Using the records below, write out only the lines from the line containing "آزادی گروگانها یابانی برگروگانگری؟" up to and including the line containing "Kuva 8. Kartta", exactly, with no pictures.

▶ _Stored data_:
________________
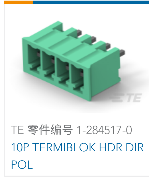
TE 零件编号 1-284517-0 10P TERMIBLOK HDR DIR POL
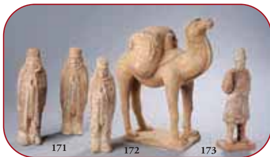
Lots n° 171, 172, 173 Archéologies, terre cuite. Dynastie Tang et Ming. 7ème à 15ème siècles.
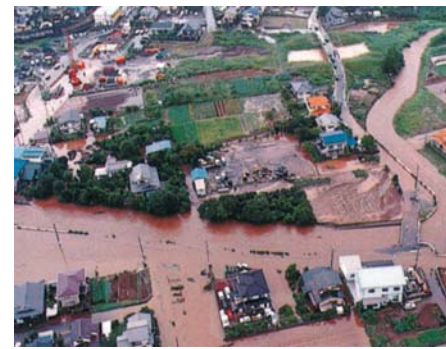
平成10年8月の集中豪雨
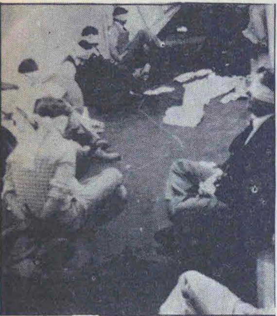
آزادی گروگانها یابانی برگروگانگری؟

اقتصادی بیگانگان هیچ پیشرفتی نداشته‌ایم. و این همه به این علت بوده است که به واقعیتها، دهن کجی کرده‌ایم و از علم و روش مناسب بهره نچسته‌ایم. امید که سال آینده‌مان به زوال پیشین باشد.
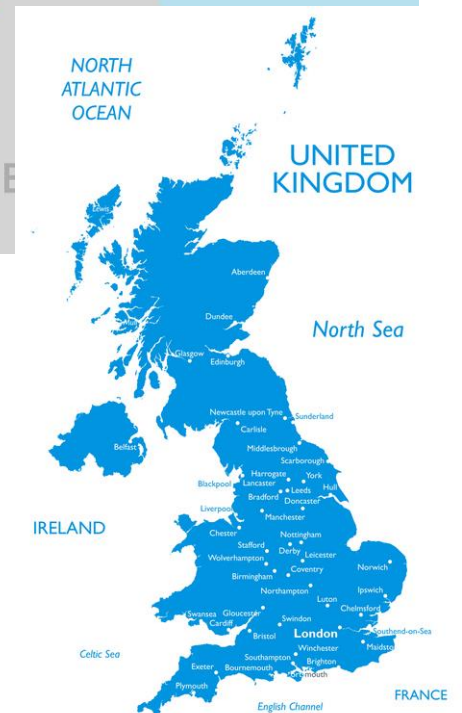
Maps used under licence to the City of Edinburgh Council
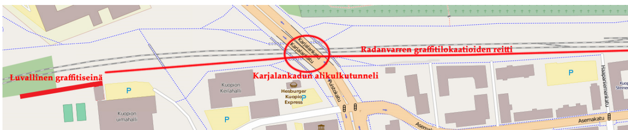
Kuva 8. Kartta luvallisesta graffitiseinästä ja radanvarren lokaatioista keskustassa. © OpenStreetMapin tekijät.

Moniväriset suuret piissit alkavat heti muurin päästä ja peittävät sen koko matkalta. Lukemattomat maalikerrokset muurin betonisella seinäpinnalla hilseilevät, mikä tuo maalauksiin paikoitellen näkyvää pintatekstuuria. Myös muurin vieressä sijaitseva pieni puinen rakennus on maalausten peitossa. Toisella puolella muuria on muutamia throw
________________
▶ _Answer section_:
آزادی گروگانها یابانی برگروگانگری؟

اقتصادی بیگانگان هیچ پیشرفتی نداشته‌ایم. و این همه به این علت بوده است که به واقعیتها، دهن کجی کرده‌ایم و از علم و روش مناسب بهره نچسته‌ایم. امید که سال آینده‌مان به زوال پیشین باشد.
Maps used under licence to the City of Edinburgh Council
Kuva 8. Kartta luvallisesta graffitiseinästä ja radanvarren lokaatioista keskustassa. © OpenStreetMapin tekijät.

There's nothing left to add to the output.